HKU HKU Dept of Statistics & Actuarial Science, HKU
 
 

Seminar by Dr. Zhenke WU from Department of Biostatistics, University of Michigan


DateMonday, 24 July 2023
Time4:45 p.m. – 5:45 p.m.
Venuein RR301, Run Run Shaw Building
 
TitleTree-regularized bayesian latent class analysis: Improving weakly separated dietary pattern subtyping in small-sized subpopulations
Abstract

Dietary patterns synthesize multiple related diet components, which can be used by nutrition researchers to examine diet-disease relationships. Latent class models (LCMs) have been used to derive dietary patterns from dietary intake assessment, where each class profile represents the probabilities of exposure to a set of diet components. However, LCM-derived dietary patterns can exhibit strong similarities, or weak separation, resulting in numerical and inferential instabilities that challenge scientific interpretation.
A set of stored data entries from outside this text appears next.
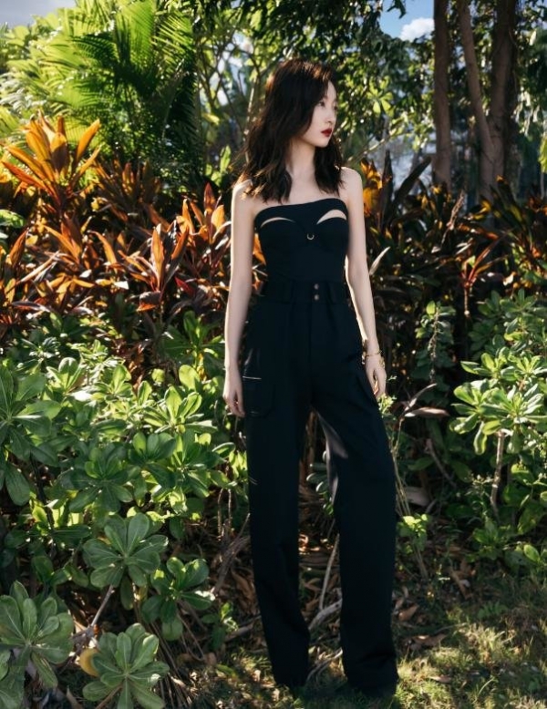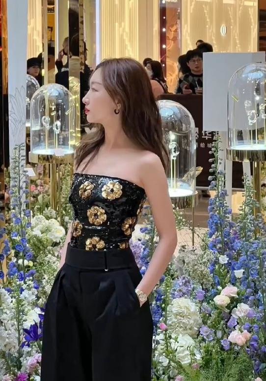 在金鸡奖开幕式上,她一身黑色抹胸套装,胸前做了挖空设计,小细节十分性感,再搭配上阔腿长裤,又酷又飒。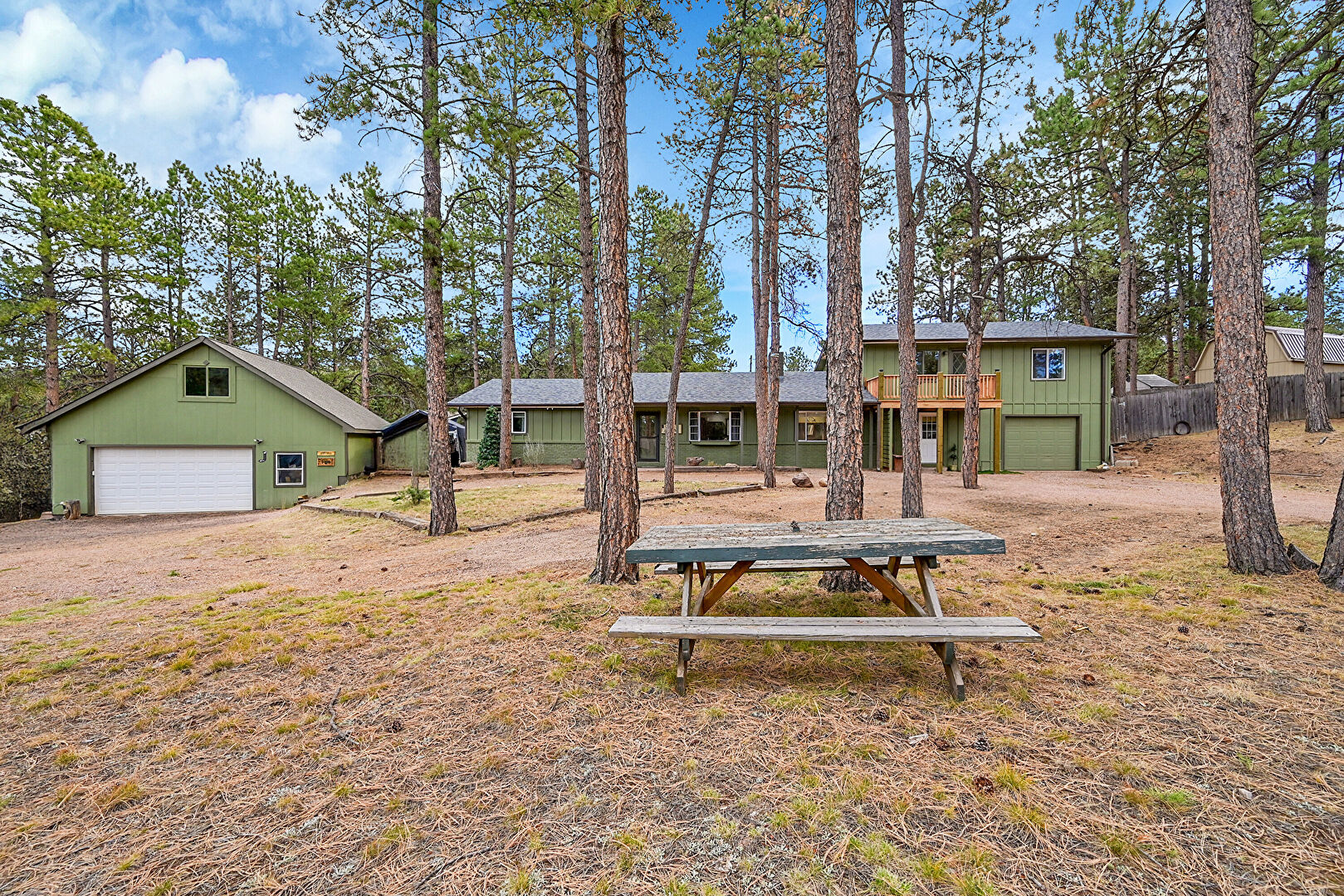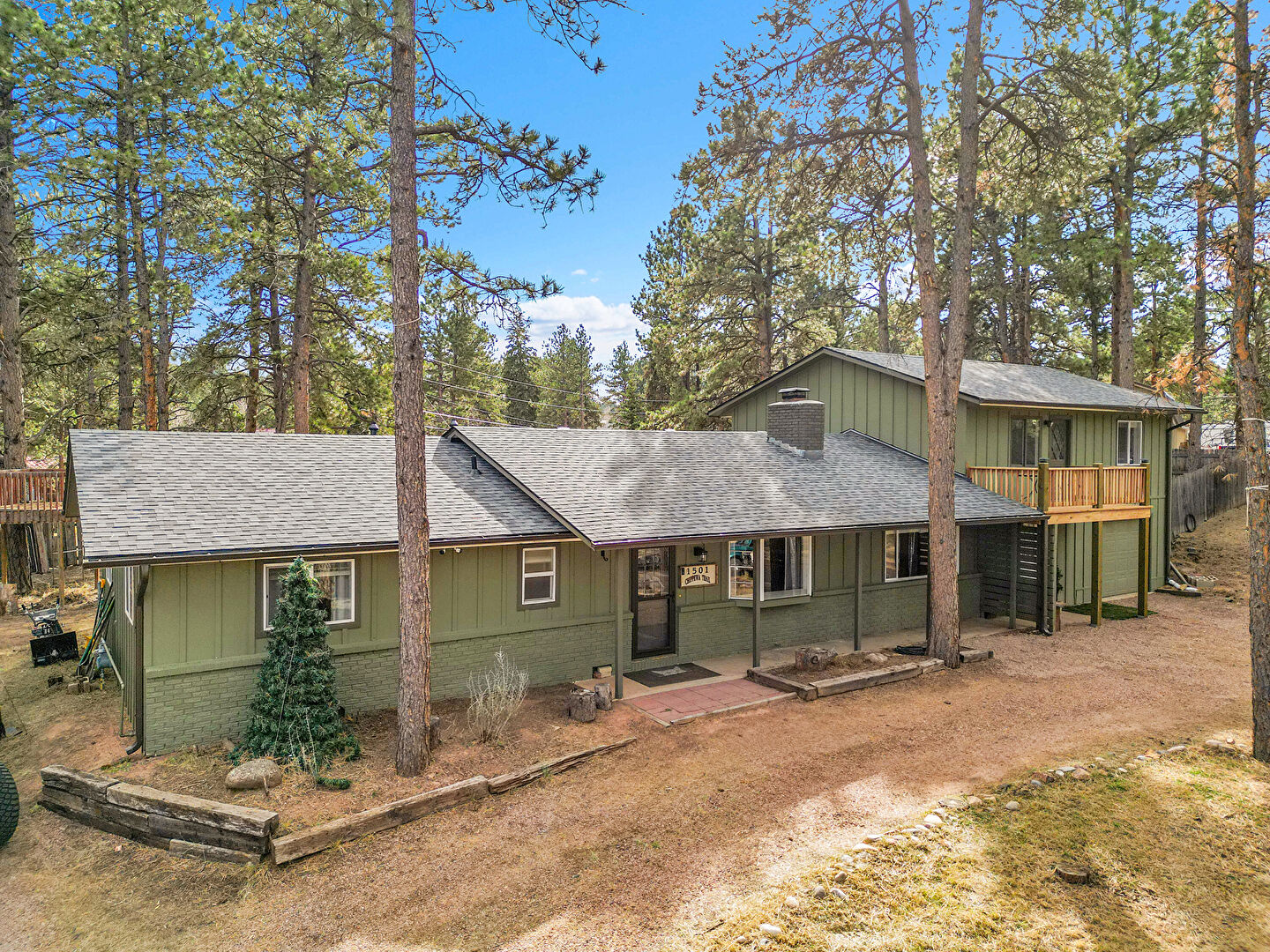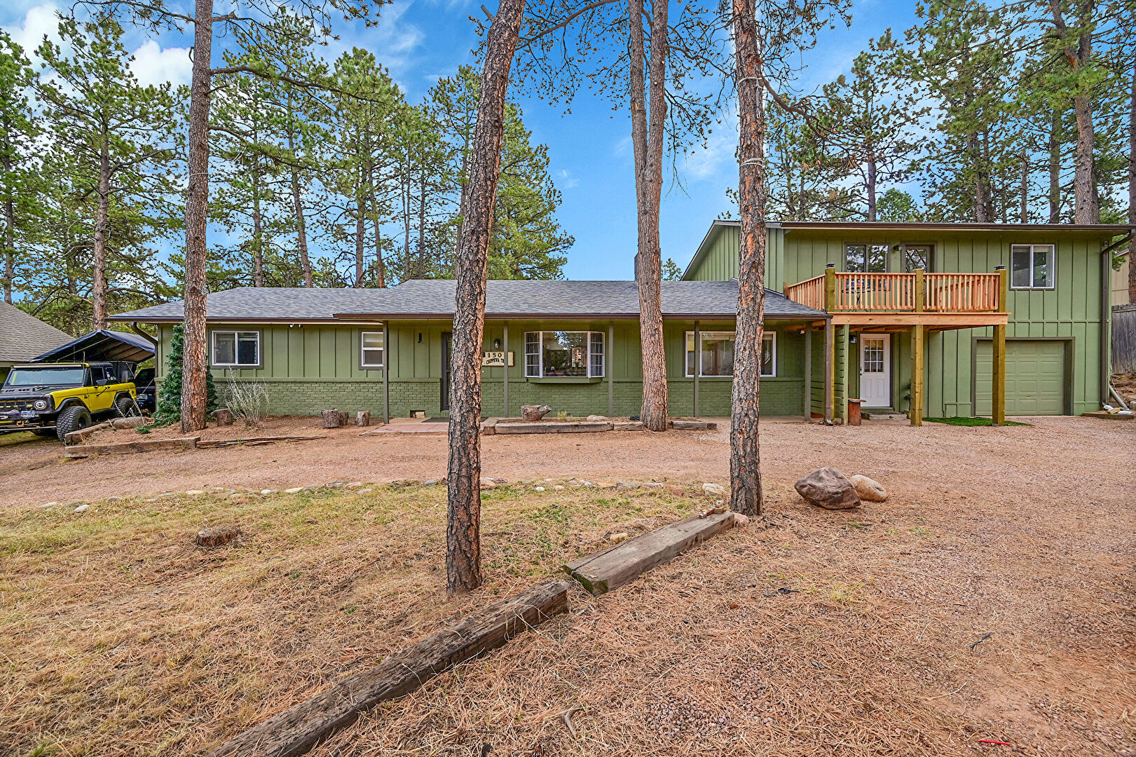 Balcony, Basement Walk Out, Board Batten Siding, Brick Siding, Built In Garage, Downspout, Driveway, Forest View, Garage, Gutters, Mountain View, Outdoor Structure, Porch, Shingle Roof, Vertical Siding, Woods View, Downspout, Fence, Forest View, Gutters, Mountain View, Vertical Siding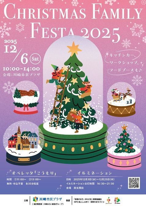 2025年12月6日(土)に、川崎市高津区の川崎市民プラザで、入場無料&予約不要の「クリスマス・ファミリーフェスタ2025」が開催されます。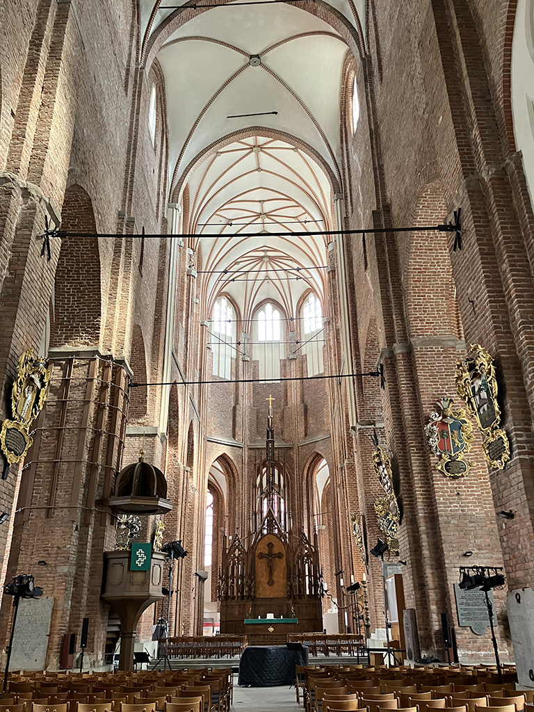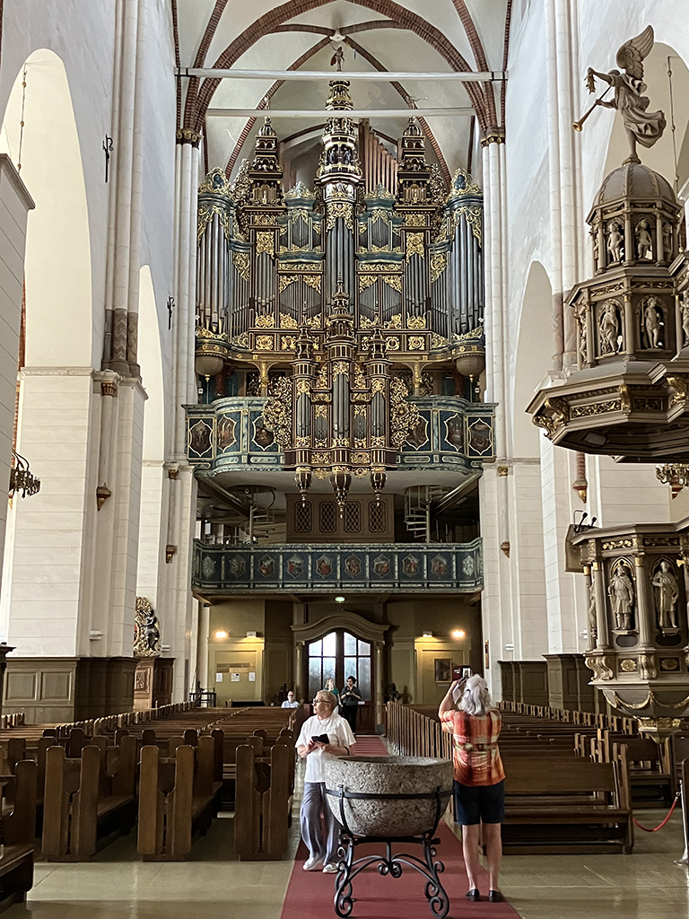 Le ciel se couvre, nous nous rendons à la cathédrale Dome, luthérienne. Eglise catholique principale de Livonie, elle devient luthérienne en 1561. Sa grande particularité est son orgue magnifique, considéré comme le plus vieux et plus grand du monde. 6718 pipes, 25m de haut, 11 de large et 10 de profondeur.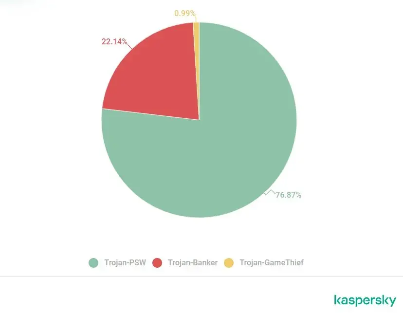 使用热门游戏传播的其他类型威胁包括非病毒:AdWare (4.19%)、Trojan (2.99%)、DangerousObject (0.86%)、Trojan-SMS (0.49%)、Trojan-Downloader (0.48%) , not-a-virus:WebToolbar (0.47%), not-a-virus:RiskTool (0.45%), Exploit (0.34%) 和 Trojan-Spy (0.29%)。尽管这类威胁的比例很小,但对于受影响的人来说,捕捉它们可能是一个巨大的问题。例如,特洛伊木马威胁可能会破坏、窃取或对个人数据或网络造成其他有害行为。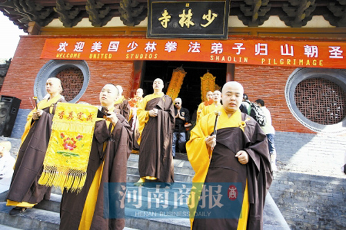 圖為少林寺用最隆重的儀式迎接“洋弟子” 王春勝 攝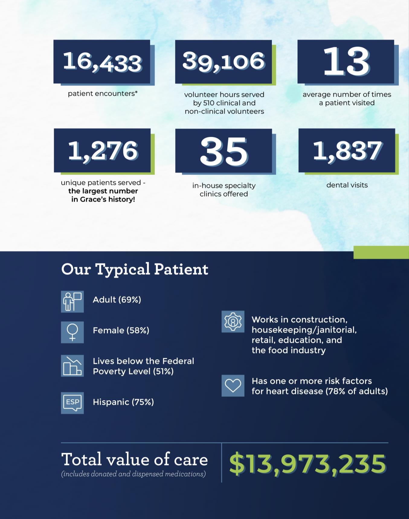 Discovering our patient’s unique challenges has provided the chance to expand needed services such as mental health, wellness and mobile care often times inaccessible aspects for the low-income, uninsured members of our community. We cared for a record number of patients this year 1,276 patients. Each of their stories about their journey to Grace is special and poignant.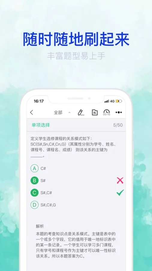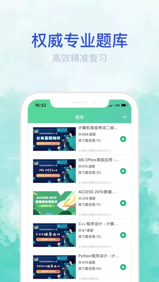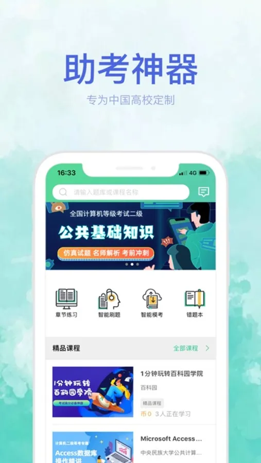 提供适用于各大高校的计算机等级考试、公共英语过级、思想政治基础课程,以及计算机、物理、数学、化学、医学、药学、语言学(英语/日语/韩语/蒙古语/俄语等)、金融、经济、政治等多项专业课程、相关资格证书快速检测通关的在线日常练习、考前刷题及模拟考试训练,并提供来自于专业教师的习题讲解、重点难点解析、考前辅导、过考精讲等精品视频。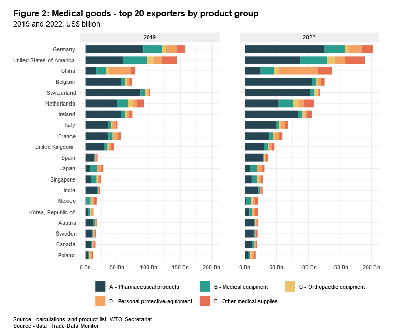 德国是医疗产品的最大出口国,而美国是医疗设备、矫形设备和其他医疗产品的最大出口国。中国是个人防护设备的最大出口国。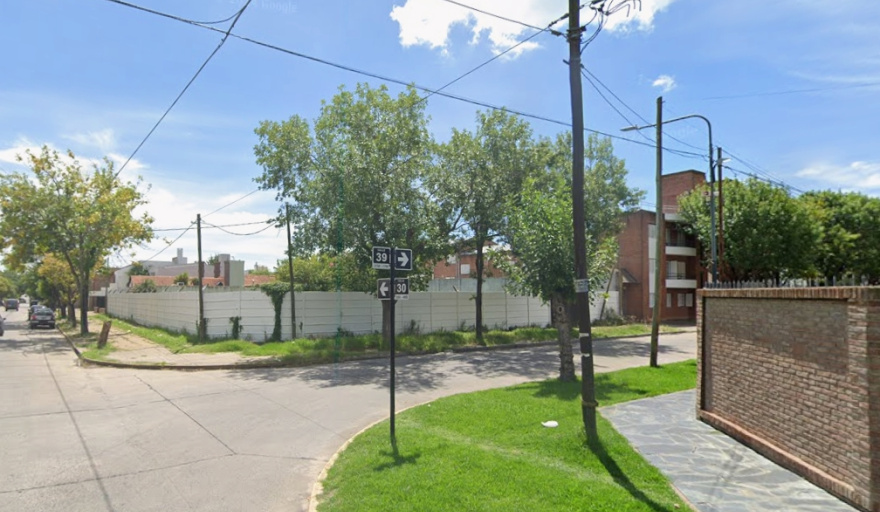 Uno de los inmuebles está en la esquina de 30 y 39. Es un terreno de 1.200 metros cuadrados, sin construcciones y rodeado por un muro perimetral. Tiene vegetación y malezas, y su precio base es de 238.991,60 miles de dólares.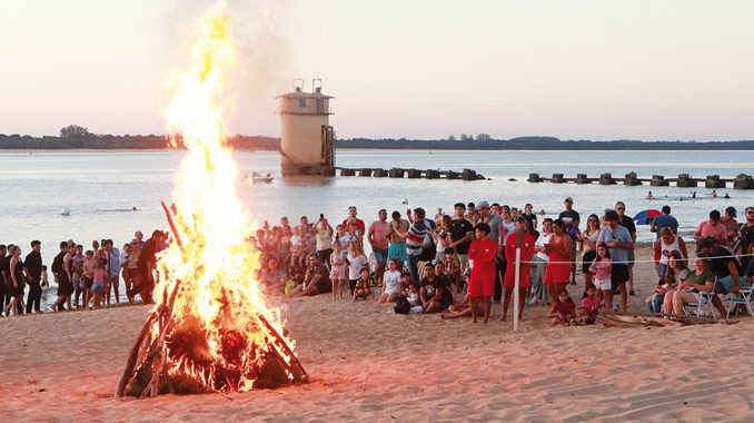 Luego Isgleas volvió a la arena, donde le pasó el balón al malabarista Diego Ayala quien, luego de hacer una demostración con la pelota, encendió unos mecheros y fue haciendo malabares hasta donde estaban tres integrantes de la Escuela de Arquería Tapurú-Suizo. Allí, Ayala encendió las punta de las flechas a cada uno de los arqueros, quienes lanzaron el tiro para prender la llama de la fogata que dio inicio a la temporada oficial de playas.

This issue is exacerbated in small-sized subpopulations. To address these issues, we provide a simple solution that empowers LCMs to improve dietary pattern estimation. We develop a tree-regularized Bayesian LCM that shares statistical strength between dietary patterns to make better estimates using limited data. This is achieved via a Dirichlet diffusion tree process that specifies a prior distribution for the unknown tree over classes. Dietary patterns that share proximity to one another in the tree are shrunk towards ancestral dietary patterns a priori, with the degree of shrinkage varying across pre-specified food groups. Using dietary intake data from the Hispanic Community Health Study/Study of Latinos, we apply the proposed approach to a sample of 496 US adults of South American ethnic background to identify and compare dietary patterns. This is joint work with PhD student Mengbing Li (UMich Biostat) and Professor Briana Stephenson (Harvard Biostat).

About the speaker

Dr. Wu is an Associate Professor in the Department of Biostatistics at the University of Michigan. He obtained his PhD from Johns Hopkins University in 2014. His research is motivated by biomedical and public health problems and is centred on the design and application of statistical methods that inform health decisions made by individuals, or precision medicine. Towards this goal, he focuses on two lines of methodological research: a) structured Bayesian latent variable models for clustering and disease subtyping, and b) study design and causal methods for evaluating sequential interventions that tailor to individuals' changing circumstances such as in mobile health studies.